Could a 45-minute weekly digital coach be the key to reversing diabetes? New study of 130k+ adults shows dramatic risk reduction and remission rates, without pills or extreme diets.
Study: Lifestyle Modification in Prediabetes and Diabetes: A Large Population Analysis. Image Credit: RSplaneta / Shutterstock
In a recent article published in the journal Nutrients, researchers in the United States assessed a large population of prediabetic, diabetic, and healthy individuals to test the effectiveness of a digital lifestyle modification program in reducing cardiovascular and diabetes risk and improving metabolic markers.
Their findings indicate that the lifestyle intervention significantly reduced 10-year diabetes risk among prediabetics by nearly 46% and increased the diabetes remission rate, highlighting the importance of lifestyle changes.

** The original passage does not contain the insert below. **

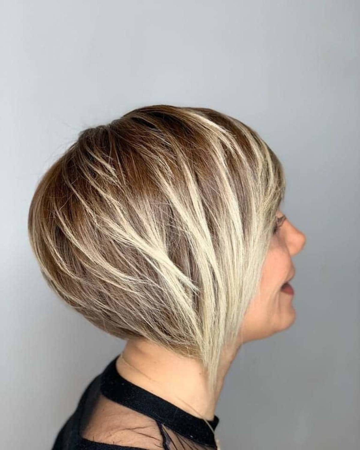 The textured chocolate and blonde bob is rich with dimension and style. Short hair is captivating and adorned with soft, warm-toned highlights. Talk to your stylist about leaving depth and darkness underneath your hair while adding caramel blonde highlights to the top of your hair and around the face. It makes the stunning blonde streaks stand out even more.

However, the study was not a randomized trial, and participation in the lifestyle intervention was voluntary, which may introduce selection bias.
Background
Diabetes mellitus is diagnosed based on elevated fasting glucose or HbA1c levels and is a significant risk factor for neuropathy, retinopathy, kidney disease, and atherosclerotic cardiovascular disease (ASCVD).
Prediabetes affects about one-third of middle-aged and older adults in the United States, and various factors such as inactivity, family history, and obesity increase the risk of progressing to diabetes.

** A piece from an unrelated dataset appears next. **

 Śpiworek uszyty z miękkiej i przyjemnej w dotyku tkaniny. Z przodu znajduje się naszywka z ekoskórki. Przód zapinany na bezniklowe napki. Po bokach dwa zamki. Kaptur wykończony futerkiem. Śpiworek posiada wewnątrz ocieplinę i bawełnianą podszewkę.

Behavioral lifestyle interventions that target 7% weight loss and increased physical activity can halve diabetes risk, but traditional programs require frequent in-person sessions and are not widely adopted. Risk prediction models have been developed to identify high-risk individuals, using factors like glucose, body mass index (BMI), high-density lipoprotein cholesterol (HDL-C), and triglycerides.

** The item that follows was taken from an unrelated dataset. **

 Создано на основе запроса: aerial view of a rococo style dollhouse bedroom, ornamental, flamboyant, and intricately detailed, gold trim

The authors previously developed a 10-year diabetes risk model based on glycated serum albumin (not glycated serum protein), fasting glucose, adiponectin, and triglycerides, which achieved high predictive accuracy using prospective data from the Framingham Offspring Study. Given the importance of lifestyle changes in diabetes and ASCVD prevention, easily implementable interventions targeting high-risk individuals need to be tested.
About the study
The study evaluated 133,764 adults, categorizing them as diabetic (7.5%), prediabetic (36.2%), and healthy (56.3%), based on fasting glucose and HbA1c levels.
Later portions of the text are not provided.